Charging for the use of diagnostic equipment may be easier than some bosses realize. Here's one service shop owner's approach on a particular piece of shop gear.
For years, I have argued that tire dealers and service shop owners should charge for using modern test equipment during a diagnosis.
Regardless of how many times I stress the point, owners and managers I meet claim that they cannot afford to do it.
These bosses are locked into the mindset that their labor charges must be something less than — but never equal to — those of the nearest new-car dealerships.
Sadly, they avoid discussing the actual cost of doing business at their particular facilities or the labor fees they should charge to cover that cost.
Remember that your business' ultimate goal is meeting or exceeding customers' expectations. The vast majority of prospects among the motoring public expect that your technicians will fix their cars correctly the first time — period. This is the very minimum they demand from you.
Meeting this expectation requires an accurate diagnosis of a vehicle's problem(s). More and more often, solving these problems requires modern test gear of one kind or another — not to mention competent technicians to operate it.
So, manpower and equipment are legitimate, unavoidable costs of doing business and meeting motorists' expectations.
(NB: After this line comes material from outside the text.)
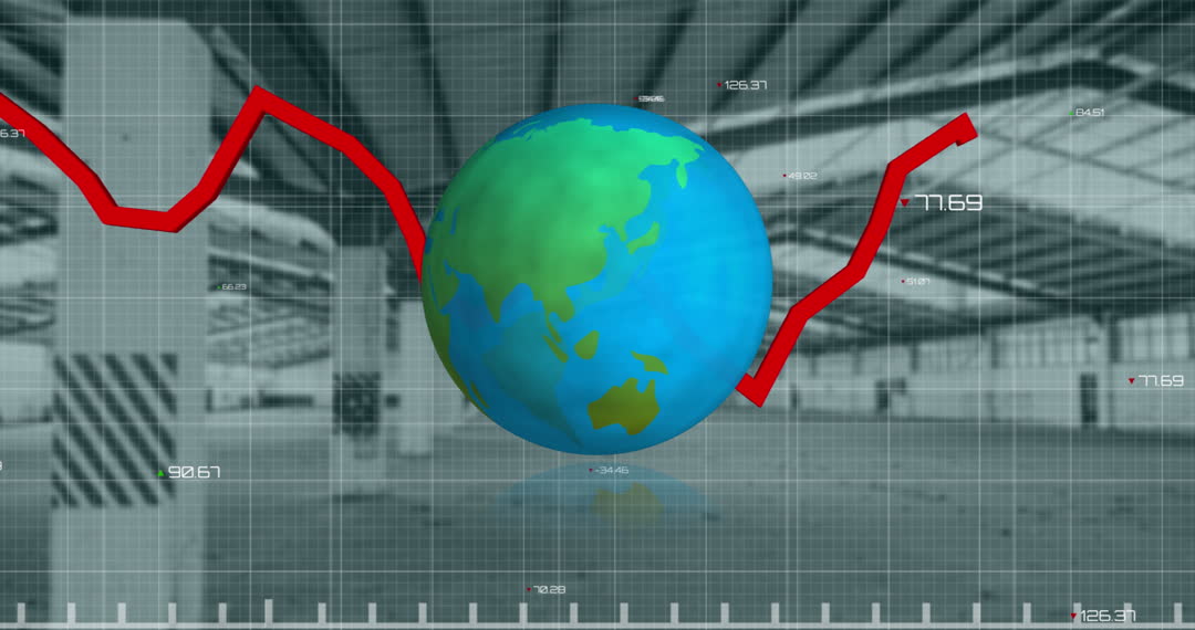 The video shows an animation depicting financial graphs overlaying a globe in an empty warehouse environment, representing global economic and real estate trends. It conveys themes of global finance and market fluctuations, making it ideal for presentation in finance-related articles, investment seminars, or educational materials on international economics.

Oftentimes, the clearest examples are the simplest ones. My pal Tip's approach to an equipment investment may be just such an example.
Tip is owner/operator of a traditional auto repair shop in the Rust Belt region of the country. This shop, which has been operating for more than 30 years, features modern equipment, epoxy-coated shop floors and central air conditioning.
By the later 1990s, Tip decided to invest in a smoke-generating machine. This device creates smoke with which technicians can pinpoint otherwise-elusive leaks in a variety of automotive components and systems.
After injecting the smoke into the system, the tech scans the work area with an inspection light, watching for telltale trails of smoke caused by a leak.
At that time, some owners and managers teased Tip about spending $1,900 for a smoke-generating machine.
For one thing, they underestimated his overall approach to equipment investments: Maximize the utility of each tester or machine by using it as often as practically possible. After all, practice is the way to learn the true range of a device's capabilities.
Their experiments quickly confirmed that the smoke could reveal a variety of leaks inside the engine's air intake system as well as the exhaust system.
It flagged cracked vacuum hoses and fittings and even located the source of various oil leaks. So, smoke checks became routine procedures at Tip's shop.
Before long, Tip instituted a $20 fee for use of his new smoke generator. In other words, $20 was built into customer's bill every time a tech used the machine. Later, he increased this fee to $25.
Colleagues, competitors and pals all joked about blowing smoke. Meantime, Tip found that the smoke machine was a potent, consistent profit-generator for two reasons.
First, it earned its own fee. Second, it boosted the techs' efficiency at pinpointing a wider range of automotive leaks — including those his competitors could not pinpoint.
Furthermore, no one ever complained about Tip's charge for fixing a vehicle correctly the first time.
Instead, they complimented him and his staff for effective, stress-free repairs. Simply put, blowing smoke helped Tip meet and exceed customers' expectations time and again.
Mind you, Tip's case is just one aspect or element of a much-larger topic: Calculating and covering the cost of doing business.
At the very least, his experience demonstrates how charging for equipment usages makes dollars and sense. Try it, you'll like it.